CARLY FABIAN, PUBLIC CITIZEN

As heat, floods and wildfires smash all records this year, at least coal production is on the way out, thanks to greener energy like wind and solar. Except that isn’t true. New solar and wind are only helping to cover increasing demand for power in all sectors. The dirtiest most polluting fossil fuel in the world, old “King Coal” reached it’s highest production EVER in 2022 (Source IEA)

In capitalism, coal mining is not possible without insurance. Big insurance companies have policies supposedly leading them out of coal coverage. Except they violate even those weak published promises on coal. That is true in the United States, now the world’s fourth largest coal producer. The American Non-profit group “Public Citizen” just issued a report “COVERING COAL: The Top Insurers of U.S. Coal Mining.” We reached Public Citizen researcher and spokesperson Carly Fabian.

Listen to or download this 21 minute interview with Carly Fabian in CD Quality

 

In a press release, Carly says:

We expected some companies to be underwriting coal projects, but the data underscore the loopholes in their policies and disregard for public commitments across the insurance industry. Over the past year, insurance providers have stopped selling policies to homeowners vulnerable to climate disasters. As insurers offer coal mines new contracts while walking away from homeowners, the choices of these companies reflect a clear double standard in who is expected to pay the price for climate change. The insurance industry needs to muster the courage to cut their coverage for fossil fuels before it becomes too risky to insure the rest of us.

From the Executive Summary of the new report:

Global insurers AIG, Liberty Mutual, Lloyd’s of London, Swiss Re, and Zurich are among the top insurers of U.S. coal mining. In 2022, these five insurers covered the production of at least 245,139,030 short tons of coal, or 41% of U.S. coal production, from just the top 25 U.S. mines…Four of these five companies have adopted coal underwriting restrictions, and yet they are still among the top insurers of thermal coal mines.

I’m particularly disappointed that giant insurance company Swiss Re violates it’s own policy in the United States. Swiss Re was among the first and bravest corporations to warn about the dangers of climate change. They started early in the 1990’s. They attend conferences, and make presentations and statements demonstrating their real awareness and concern about climate change. But hidden in the backroom, they are making money to produce more climate damaging coal?

It is interesting to see in this report: Berkshire Hathaway among the coal mine insurers, covering 1 mine producing 8,313,644 short tons of coal. Warren Buffett’s companies include one of the the largest single railways shipping American coal, especially going from mines in Wyoming to ports like Vancouver Canada for export to Asia. Coal is shipped on the BNSF Railway, a wholly-owned subsidiary of Berkshire Hathaway.
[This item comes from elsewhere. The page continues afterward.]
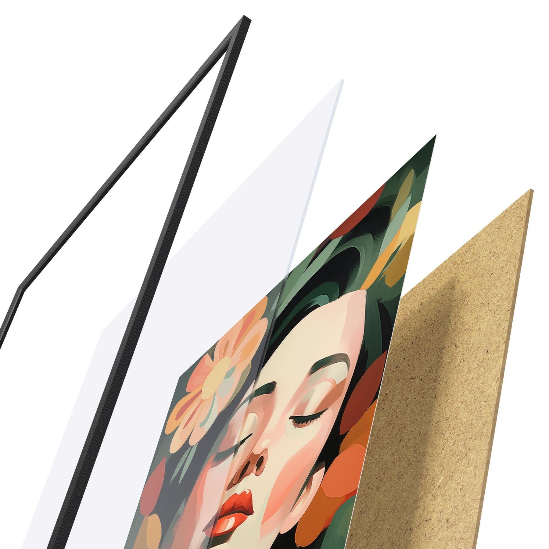 Le poster se compose d'un cadre, d'un plexiglas, d'une image imprimée et d'un support en aggloméré. Le poster peut être immédiatement accroché au mur grâce aux fixations au dos.

People who dump on mega-billionaires like Elon Musk and Mark Zuckerberg, often give Warren Buffett a pass. Actually Buffett is sourcing more damage to the planet than tech billionaires. Buffett rarely mentions climate change, and certainly is not an activist. Isn’t Warren Buffett a climate disaster profiteer?

In an article in The Hill, based on this new Public Citizen report, Saul Elbein suggests lack of flood, fire, and storm insurance may be hiding the next financial crisis. Big banks sell all kinds of financial instruments and investments based on mortgages – with the assumption the home is insured against losses. Rising prices for insurance – if it is available – add up to more uninsured homes in America. No one knows how many they are. When many homes are wiped out by extreme weather, without insurance, banks eat the losses. If the banks lose too much, all the finance instruments they offered could tumble – as happened during the crisis in 2008. So coal insurance and climate coverage withdrawal could turn out to be really big!

About 45% of all fossil fuel emissions come from burning coal. More and more lawsuits are launched against fossil fuel producers for their role in climate damage. Are these big insurance companies covering those damages, which could be billions of dollars? Could insurance companies go broke because they continued to profit from climate disasters? Will someone sue the coal insurance companies too?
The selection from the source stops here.